What it’s like to be LGBTQ+ and disabled

February marks LGBTQ+ History Month in the UK as we look back at the history of gay rights, the progress we’ve made, and the progress we still need to make in this country

While we tend to think that the UK has achieved equality, we still have far to go. LGBTQ+ people, especially transgender people, still face discrimination and violence. The charity Stonewall reported that attacks on LGBTQ+ people have surged by 80% in the UK over the last four years. The charity also reported that a third of transgender people have been victims of a hate crime. Same-sex marriage in Northern Ireland is yet to be legalised and a 2016 report found that 25% of LGBTQ+ people living in Northern Ireland have experienced a suicide attempt. For people who suffer discrimination in other ways, these statistics can be even worse, particularly people who are both LGBTQ+ and disabled.

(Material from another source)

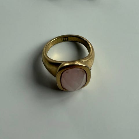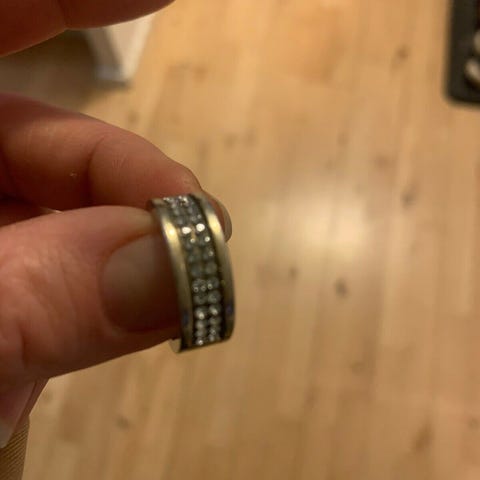 Ringen er lavet af metal og er guldfarvet. Men det er IKKE guld. Der er små glas sten i. Produceres ikke længere.

While everybody’s experience of being LGBTQ+ and disabled is different, one thing everybody has in common is experiencing some form of discrimination. Speaking to Buzzfeed, 24-year-old Charlie Willis, spoke about his experience of being a bisexual man with cerebral palsy: “In day-to-day life, bisexuality is invisible, so one side of my identity is invisible – although often hyper-sexualised – and on the other side there is this very visible physical disability, but disabled people are desexualised.” Talking about his experiences of dating, Charlie says that he often feels dehumanised because of people’s comments about his disability: “There was, for example, the man on Grindr who said, “You’re way too hot to be disabled,” To which I replied, “No mate. I’m too hot to even talk to you.”

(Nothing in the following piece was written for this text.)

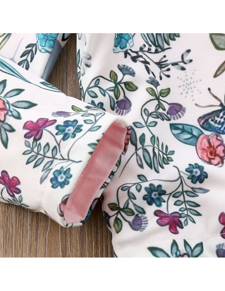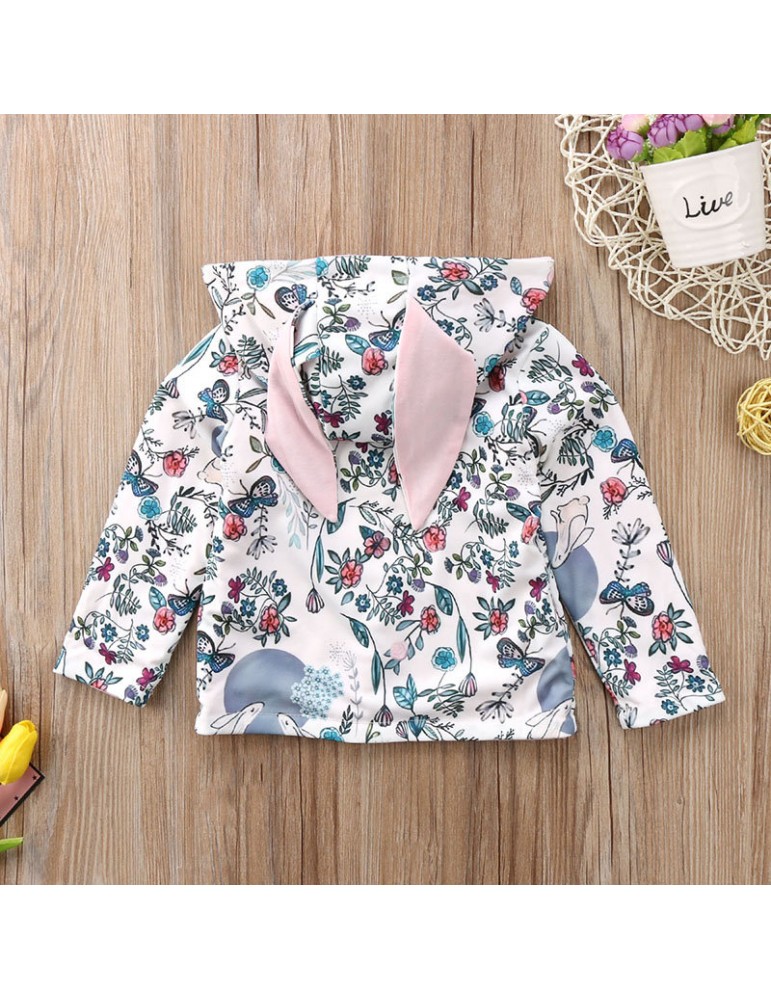 Cute Infant Baby Girls Clothing Long Sleeve Rabbit 3D Ear Floral Jacket Winter Coat

Writing for The Guardian, Jessica Kellgren-Fozard says that for her, people accept that she’s gay but not that she’s disabled. When she was 17, Jessica was diagnosed with hereditary neuropathy with liability to pressure palsies (HNPP), that manifests as a hidden disability. “I often have to explain myself when strangers think I am just being difficult,” writes Jessica, “I have been called out loudly by non-disabled people for using disabled toilets or parking spaces… yelled at for being inconsiderate.” Jessica says that people widely accept her sexuality but don’t the same reaction towards her disability: “Telling someone I am disabled comes with, “No, really? You don’t look it,” and a scrutinising look. Nobody has ever accused every single gay person of “scrounging of the state,” but people have openly said that about disabled people, in front of me.”

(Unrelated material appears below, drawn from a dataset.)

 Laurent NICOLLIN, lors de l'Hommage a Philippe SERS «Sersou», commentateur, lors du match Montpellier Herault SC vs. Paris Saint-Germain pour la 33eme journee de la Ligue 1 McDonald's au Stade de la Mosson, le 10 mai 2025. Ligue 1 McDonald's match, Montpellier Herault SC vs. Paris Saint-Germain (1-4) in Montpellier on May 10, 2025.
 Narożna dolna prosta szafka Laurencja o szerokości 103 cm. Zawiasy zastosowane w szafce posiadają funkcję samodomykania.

Both Charlie and Jessica believe that people need to adopt the same attitudes toward disability as most do towards LGBTQ+ identities. Charlie says: “LGBT people spend a lot more time working on the acceptance of their own identities before they come out. Whereas less time and resources is put towards helping disabled people accept their identities. The spark of the LGBT movement was about ‘Accept me for who I am.’ More time needs to be given to letting disabled people do that too.”